Application Paper #1: One of Many, Postscript 



I sat in the parking lot of the grocery store in my car. We came home from guitar, I dropped off Ellie and left again. "We need bread," I said. Really, I needed time to process alone. Understanding was flowing that I needed to get on paper. Well, in my phone's "note paper."  My mind turns to a scripture:

For as the body is one, and hath many members, and all the members of that one body, being many, are one body: so also is Christ.
For by one Spirit are we all baptized into one body, whether we be Jews or Gentiles, whether we be bond or free; and have been all made to drink into one Spirit.
For the body is not one member, but many. That there should be no schism in the body; but that the members should have the same care one for another. . .
And whether one member suffer, all the members suffer with it; or one member be honoured, all the members rejoice with it. . .

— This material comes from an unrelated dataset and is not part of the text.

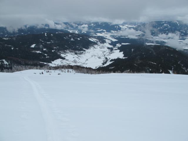Tourenverhältnisse: Entgegen der Wettervorhersage hat es heute nicht aufgemacht und es blieb stark bewölkt. Somit war natürlich eine südseitige Tour nicht die richtige Wahl, denn der Schnee hatte in dieser Exposition eine Kruste und Mangels Sonne bleib es auch dabei. Oben ziemlich neblig.

 When I was a child, I spake as a child, I understood as a child, I thought as a child: but when I became a man, I put away childish things.
 For now we see through a glass, darkly; but then face to face: now I know in part; but then shall I know even as also I am known.
I suddenly feel like I might know Paul's motive behind these words; understand their meaning more deeply. He's explaining the dimension God works in - Christ specifically - best understood by the metaphor of a body. 

How much more beautiful would it be - not to take on the sole care and healing of the kidneys, then the lungs, the skin, the eyes, the heart - all himself, like separate organs laid out on an operating table, but to bind them together in one body where they can bless and help each other? The lungs taking the air and putting oxygen into the blood that then goes to the heart, the heart pumping the blood throughout the body etc. 

But then, on top of these parts helping each other, they all belong to the body of Christ - a body Christ creates, but also is the. . . spirit of? the master of? Just as I (the thinking part of me) am the spirit of my body, but with an awareness I can only imagine and do not possess.  He knows each "organ," each part. He is always with each and all, having all time for all just as I am with my body all the time. He is a vital part of them as they are a part of him, yet separate and individual. He is invested in their happiness, their happiness is His happiness. Their vulnerability, his vulnerability. Their pain, his pain.

And a man’s hand is his friend, and his foot, also; and a man’s eye, are they of his own household. (JST Matt. 18:8–9)

The power of his grace then is the "welding" agent; the atonement the act of at-one-ment that worked backwards and forwards through time so that there never was a time when such grace and at-one-ment was not active or possible. 

So, it's both, I have come to believe. Tender mercies, miracles, divine signatures that I have experienced have come because of the attention of family on both sides of the veil that are invested and interested in my progression and happiness. But my Savior knows and watches and feels intimately all that goes on.  It is directed by him - he is aware of each act the hands perform - for they are his hands. Maybe that's what Paul wanted us to see. 

I begin to think of it this way: The resurrection is joining the soul of man to the body. Christ has a body of flesh and blood and is a distinct person. But, in another way of thinking and by a connection I can only imagine, the gathering of Israel is like the resurrection of the body of Christ to the spirit of Christ in a macro way.  Each ordinance (and it's corresponding covenant) joining us to that body of saints, each act of obedience and submission of our will creating a healthier body, a body that acts in unity, as one.  


Behold, this I have given unto you as a parable, and it is even as I am. I say unto you, be one; and if ye are not one ye are not mine. (D&C 38:27)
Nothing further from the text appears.